--- Task directions ---
The entries below should appear again in your reply, word for word.

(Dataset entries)
====

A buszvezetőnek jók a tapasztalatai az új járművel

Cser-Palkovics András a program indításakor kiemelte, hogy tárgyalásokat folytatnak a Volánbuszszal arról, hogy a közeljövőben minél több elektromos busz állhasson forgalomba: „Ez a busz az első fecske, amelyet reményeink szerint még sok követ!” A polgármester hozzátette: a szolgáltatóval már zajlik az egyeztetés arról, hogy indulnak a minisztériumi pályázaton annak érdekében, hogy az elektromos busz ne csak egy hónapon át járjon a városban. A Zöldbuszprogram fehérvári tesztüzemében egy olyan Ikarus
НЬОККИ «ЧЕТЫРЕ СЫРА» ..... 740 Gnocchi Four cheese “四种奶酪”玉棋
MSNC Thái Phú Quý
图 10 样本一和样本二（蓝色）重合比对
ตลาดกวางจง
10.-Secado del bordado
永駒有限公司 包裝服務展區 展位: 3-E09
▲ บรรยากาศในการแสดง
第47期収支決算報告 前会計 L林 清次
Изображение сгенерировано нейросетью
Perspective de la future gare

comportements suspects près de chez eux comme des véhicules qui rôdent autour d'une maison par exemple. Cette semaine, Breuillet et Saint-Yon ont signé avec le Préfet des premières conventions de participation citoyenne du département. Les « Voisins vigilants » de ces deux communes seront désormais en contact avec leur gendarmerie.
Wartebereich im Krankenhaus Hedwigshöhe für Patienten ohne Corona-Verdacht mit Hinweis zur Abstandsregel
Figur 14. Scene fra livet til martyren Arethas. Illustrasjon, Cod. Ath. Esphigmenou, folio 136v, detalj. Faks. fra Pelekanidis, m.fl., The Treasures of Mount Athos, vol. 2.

====

--- Written solution ---
A buszvezetőnek jók a tapasztalatai az új járművel

Cser-Palkovics András a program indításakor kiemelte, hogy tárgyalásokat folytatnak a Volánbuszszal arról, hogy a közeljövőben minél több elektromos busz állhasson forgalomba: „Ez a busz az első fecske, amelyet reményeink szerint még sok követ!” A polgármester hozzátette: a szolgáltatóval már zajlik az egyeztetés arról, hogy indulnak a minisztériumi pályázaton annak érdekében, hogy az elektromos busz ne csak egy hónapon át járjon a városban. A Zöldbuszprogram fehérvári tesztüzemében egy olyan Ikarus
НЬОККИ «ЧЕТЫРЕ СЫРА» ..... 740 Gnocchi Four cheese “四种奶酪”玉棋
MSNC Thái Phú Quý
图 10 样本一和样本二（蓝色）重合比对
ตลาดกวางจง
10.-Secado del bordado
永駒有限公司 包裝服務展區 展位: 3-E09
▲ บรรยากาศในการแสดง
第47期収支決算報告 前会計 L林 清次
Изображение сгенерировано нейросетью
Perspective de la future gare

comportements suspects près de chez eux comme des véhicules qui rôdent autour d'une maison par exemple. Cette semaine, Breuillet et Saint-Yon ont signé avec le Préfet des premières conventions de participation citoyenne du département. Les « Voisins vigilants » de ces deux communes seront désormais en contact avec leur gendarmerie.
Wartebereich im Krankenhaus Hedwigshöhe für Patienten ohne Corona-Verdacht mit Hinweis zur Abstandsregel
Figur 14. Scene fra livet til martyren Arethas. Illustrasjon, Cod. Ath. Esphigmenou, folio 136v, detalj. Faks. fra Pelekanidis, m.fl., The Treasures of Mount Athos, vol. 2.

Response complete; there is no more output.